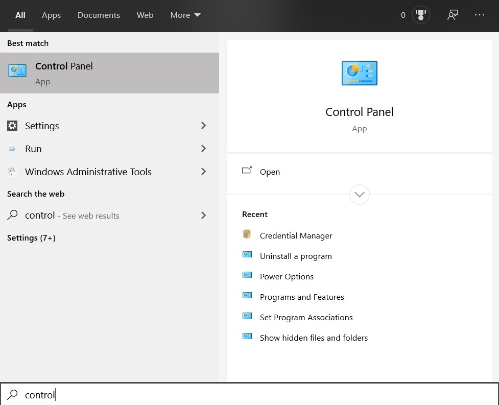 - Open the Control Panel by clicking your Start Button->Type Control and hit Enter.
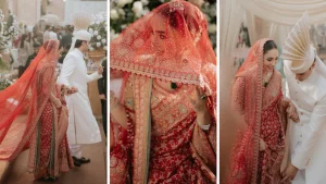 As per the Dawn’s report, the wedding celebrations started from Thursday with a mehendi ceremony at Maryam Nawaz’s home in Lahore. The bride Rohale was seen wearing an emerald green lehenga designed by Sabyasachi. When this information of Sabyasachi designing the lehenga broke, there was a lot of criticism in some sections of Pakistan for selecting an Indian designer over many other popular Pakistani designers. Not only that, Rohale even wore a lehenga designed by an Indian designer for her nikah as well. She was seen in a red Tarun Tahiliani saree and a dupatta for the wedding ceremony.
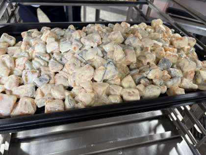 かぼちゃに野菜ブイヨン、ノンエッグドレッシングを合わせて下味をつけ、焼き物機で焼きます。
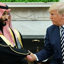(Photo: US President Donald Trump shakes hands with Crown Prince Mohammed bin Salman in the White House in March 2018. Credit: Mandel Ngan/AFP/Getty Images).
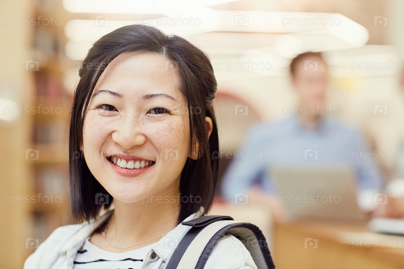 Позитивная красивая азиатская студентка с короткими черными волосами, стоящая в библиотеке и улыбающаяся на камеру
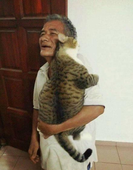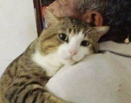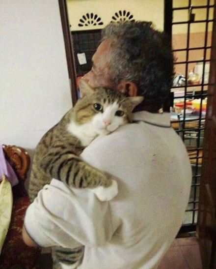 ▼當主人說要把愛貓接走時,牠好像立刻聽懂了一樣,緊緊抱住阿公…
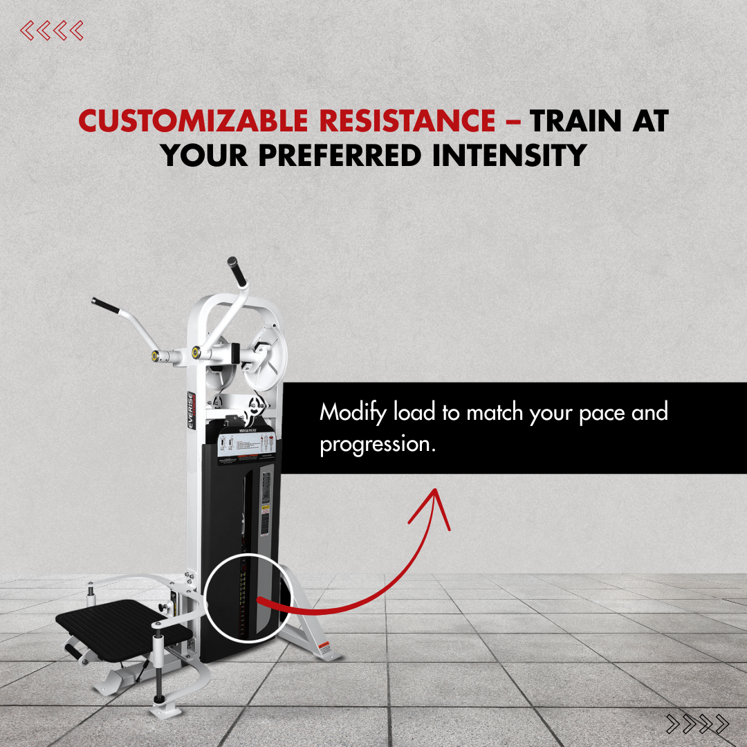 This machine features well-positioned handles and a stable foot platform enhance balance during standing movements. Built with a strong, heavy-duty steel frame, the machine is engineered for durability in commercial gym environments. Overall, it is a versatile addition that maximizes training variety while minimizing floor space requirements.
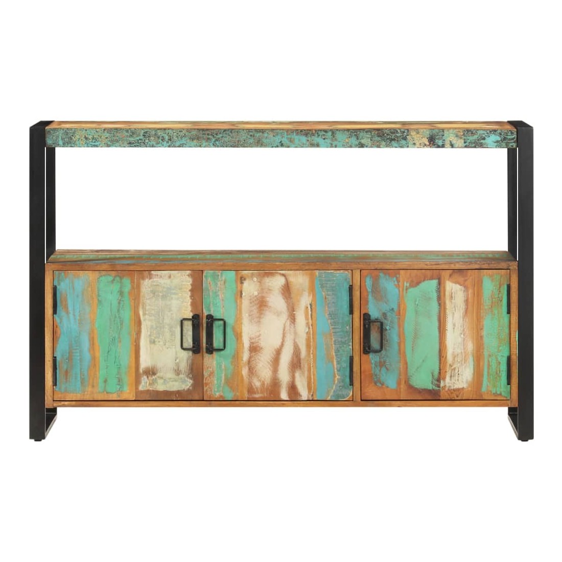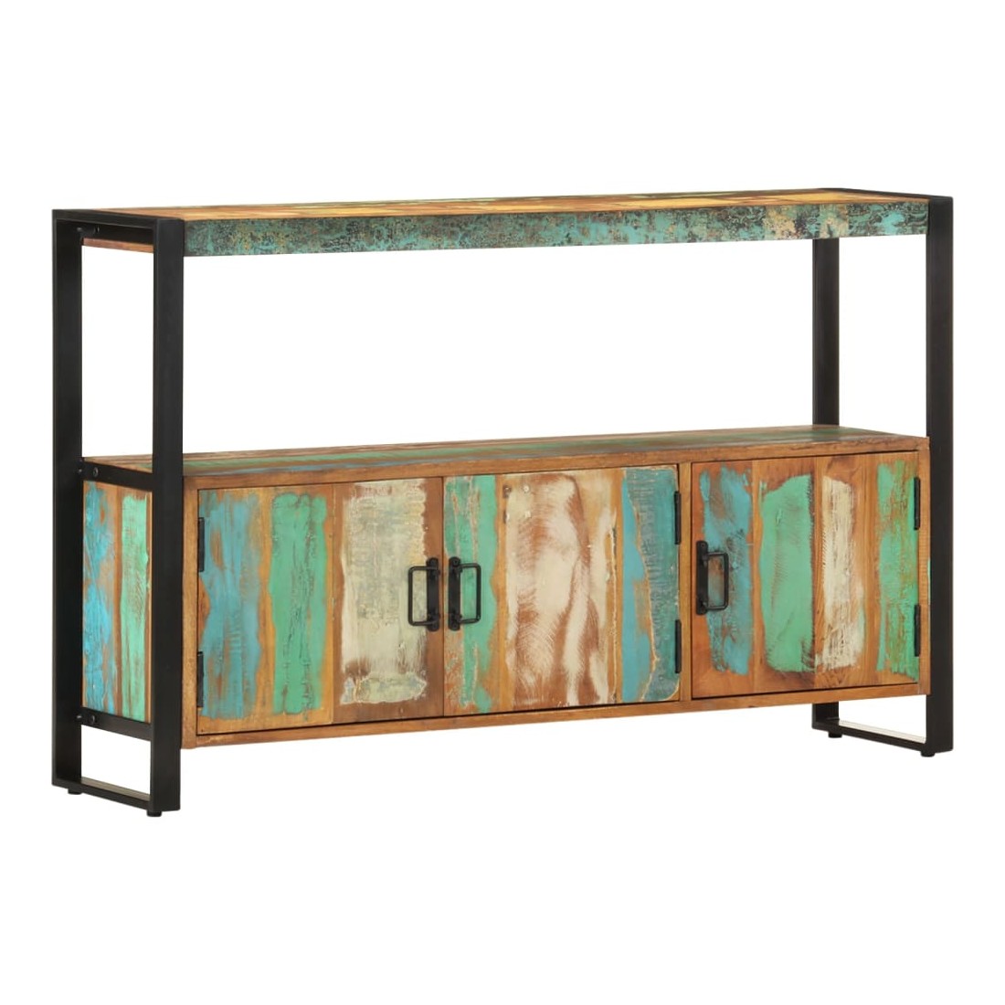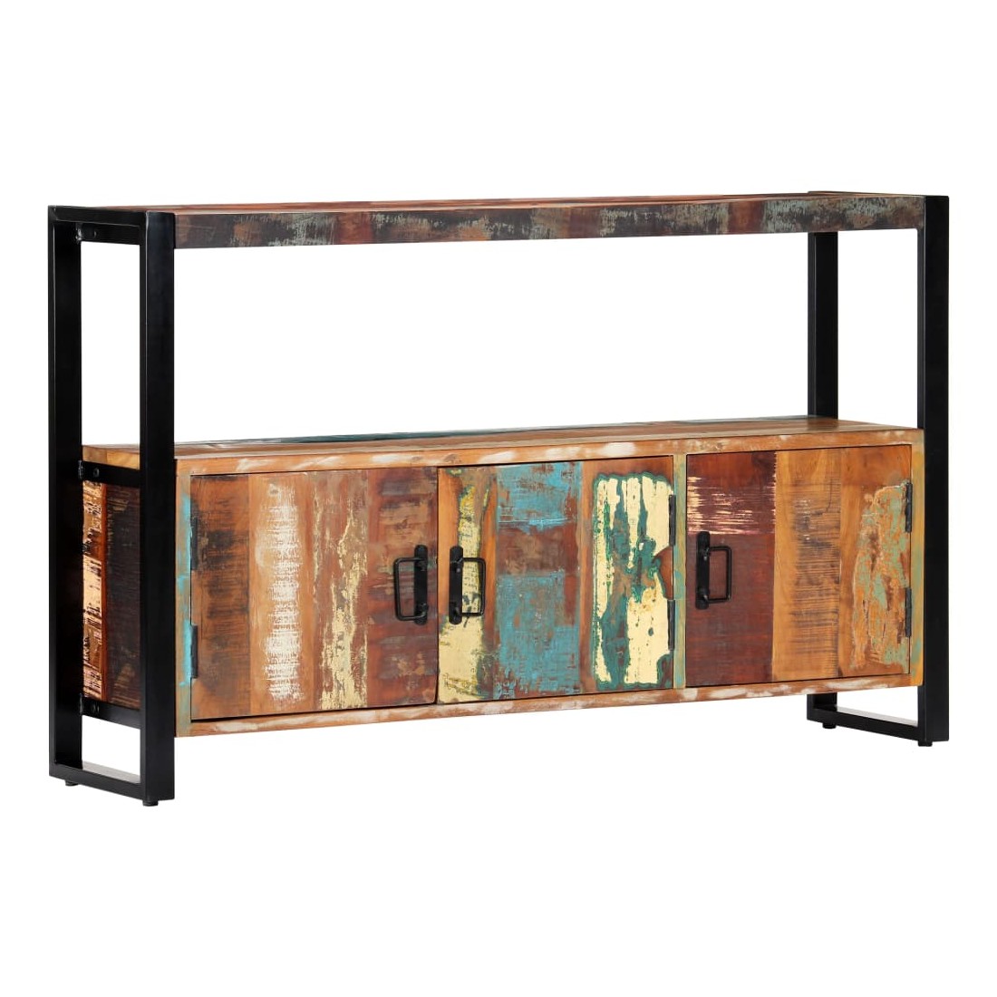 Sophistiqué et élégant, ce buffet en bois rappelle le charme vintage et le style industriel avec son cadre en acier enduit de poudre et son bois de récupération massif. Il sera certainement un supplément distinctif à votre maison. Cette table d'appoint est faite de bois de récupération solide provenant des solives, des planchers et des poutres de soutènement d'anciens bâtiments démolis et peut être composée de différents types de bois comme la pinède, le teck, le hêtre, le chêne, le cèdre, le bois de manguier, l'acacia, etc. Cela signifie que le bois de récupération conserve les caractéristiques de ces différents types de bois. Le bois de récupération est déjà vieilli, érodé et séché, donc il ne rétrécit ni se plie. Le savoir-faire exquis et les grains de bois esthétiquement attrayants
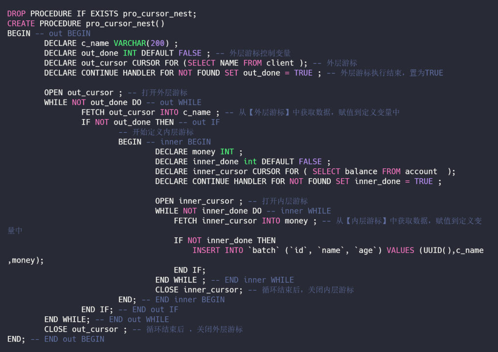 CLOSE inner_cursor; -- 循环结束后,关闭内层游标
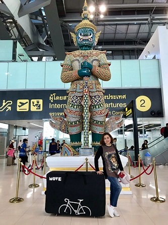 จนถึงวันเดินทาง การ check-in สัมภาระพร้อมจักรยานเป็นไปด้วยดีไม่มีอะไรน่าตื่นเต้น นอกจากประสบการณ์ใหม่ที่ว่าการโหลดกระเป๋าขนาดใหญ่กว่าปกติของสนามบินสุวรรณภูมิบ้านเรานั้นจะไม่สามารถเข้าสายพานปกติได้ เมื่อ check-in สัมภาระเรียบร้อยแล้วเจ้าของจะต้องนำสัมภาระไปโหลดที่ช่อง Y2 บริเวณก่อนถึงช่องทางผู้โดยสารขาออกนะคะ
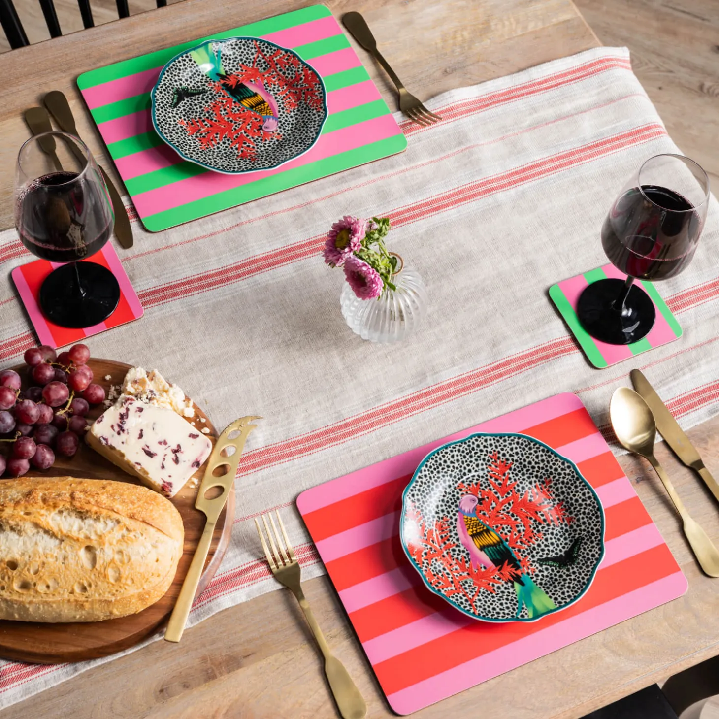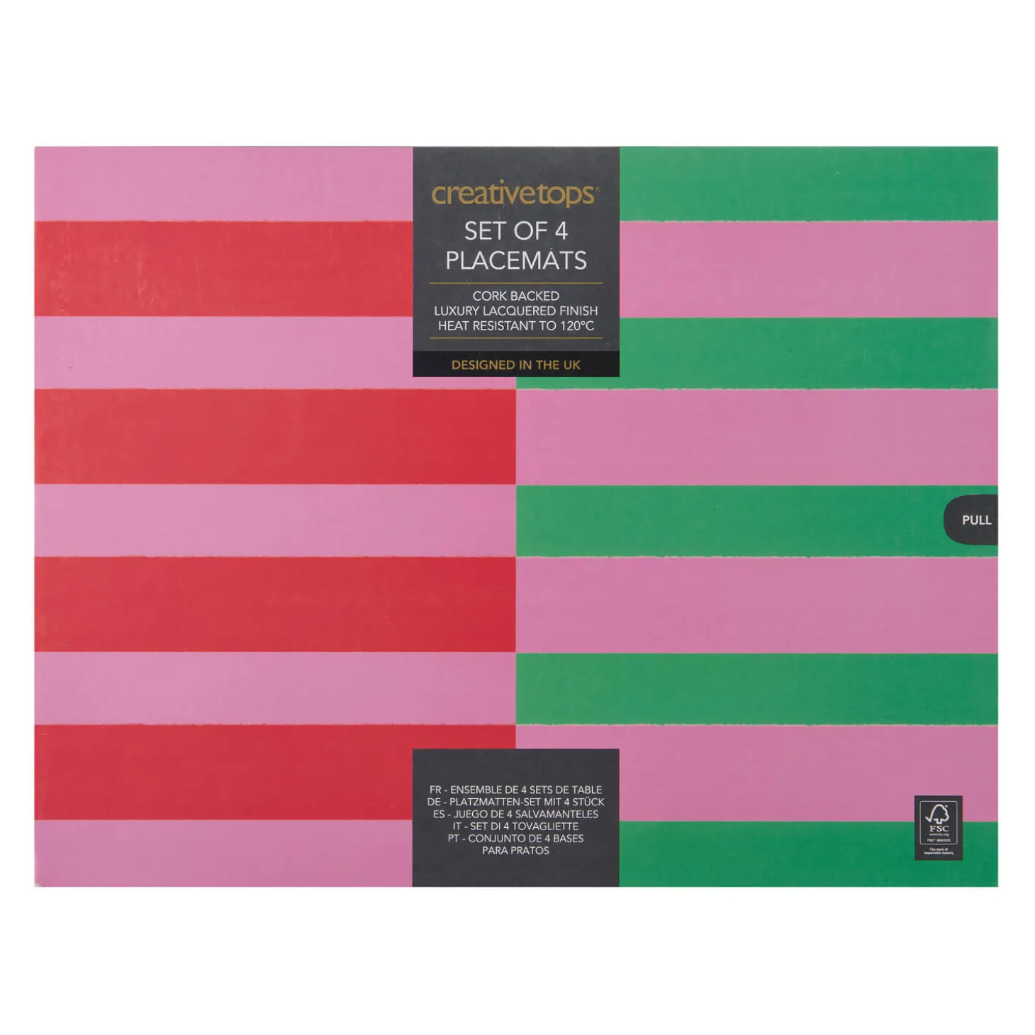 Creative Tops presents the Set of 4 Placemats in Stripes design. Protect your table and tablecloth from spills and heat damage with these stylish placemats, featuring bright and cheerful stripe patterns. Ideal for adding a fun and vibrant touch to your table setting.
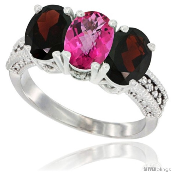 10K White Gold Natural Pink Topaz & Garnet Sides Ring 3-Stone Oval 7x5 mm Diamond Accent
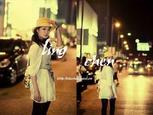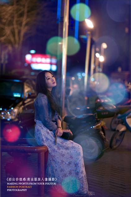 在这张照片里,我们为了获得背景灯光虚化效果,我们特别选择了具有大光圈的NIKON 85mm F1.4大光圈镜头,将光圈设置在2,利用大光圈获得明显的背景光斑效果。从照片上我们可以看到,背景的光斑很好地衬托了模特的表情,让整个夜景人像比白 天的人像显得更柔美,和谐。
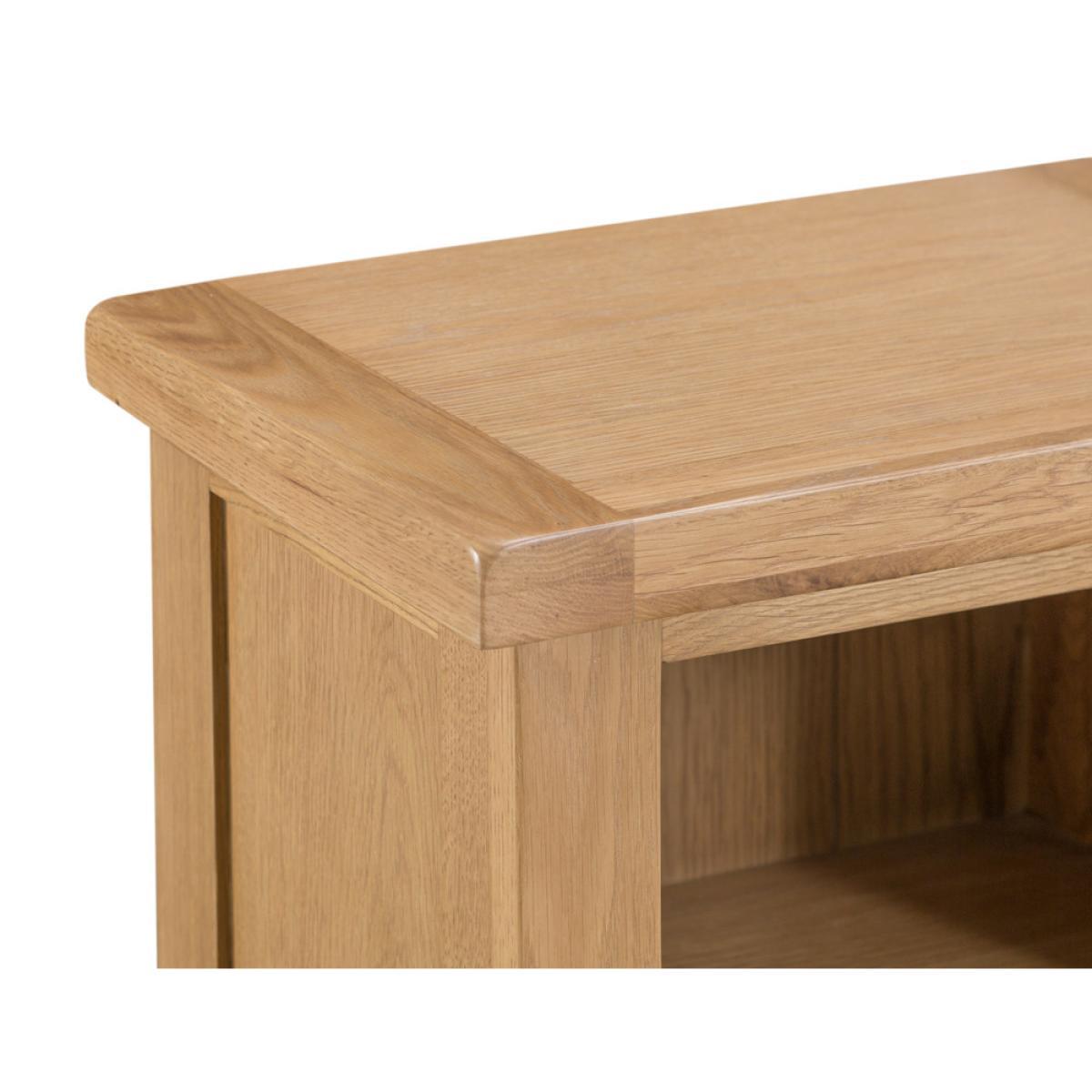 The Sydney small bookcase is a classic shelving solution that will add texture and style to your living room or home office. This bookcase is compact and space-saving and provides room to organise your books without taking too much floor space. A strong, solid wood frame offers quality and durability. Warm, medium oak finish adds classic style to your home office. Compact, slimline design saves floor space. 3 shelves. Clean internal finish. Chunky solid oak top for placing magazines, picture frames and trinkets. Matches perfectly with other furniture items from the Sydney collection. Comes ready assembled. Look out for more items from this range.

_ _ _ _ _

:: Required work ::
From the first line of the entries above down to the line holding "Позитивная красивая азиатская", quote each line exactly and nothing else, skipping pictures.

:: Reply to the exercise ::
 - Open the Control Panel by clicking your Start Button->Type Control and hit Enter.
 As per the Dawn’s report, the wedding celebrations started from Thursday with a mehendi ceremony at Maryam Nawaz’s home in Lahore. The bride Rohale was seen wearing an emerald green lehenga designed by Sabyasachi. When this information of Sabyasachi designing the lehenga broke, there was a lot of criticism in some sections of Pakistan for selecting an Indian designer over many other popular Pakistani designers. Not only that, Rohale even wore a lehenga designed by an Indian designer for her nikah as well. She was seen in a red Tarun Tahiliani saree and a dupatta for the wedding ceremony.
 かぼちゃに野菜ブイヨン、ノンエッグドレッシングを合わせて下味をつけ、焼き物機で焼きます。
(Photo: US President Donald Trump shakes hands with Crown Prince Mohammed bin Salman in the White House in March 2018. Credit: Mandel Ngan/AFP/Getty Images).
 Позитивная красивая азиатская студентка с короткими черными волосами, стоящая в библиотеке и улыбающаяся на камеру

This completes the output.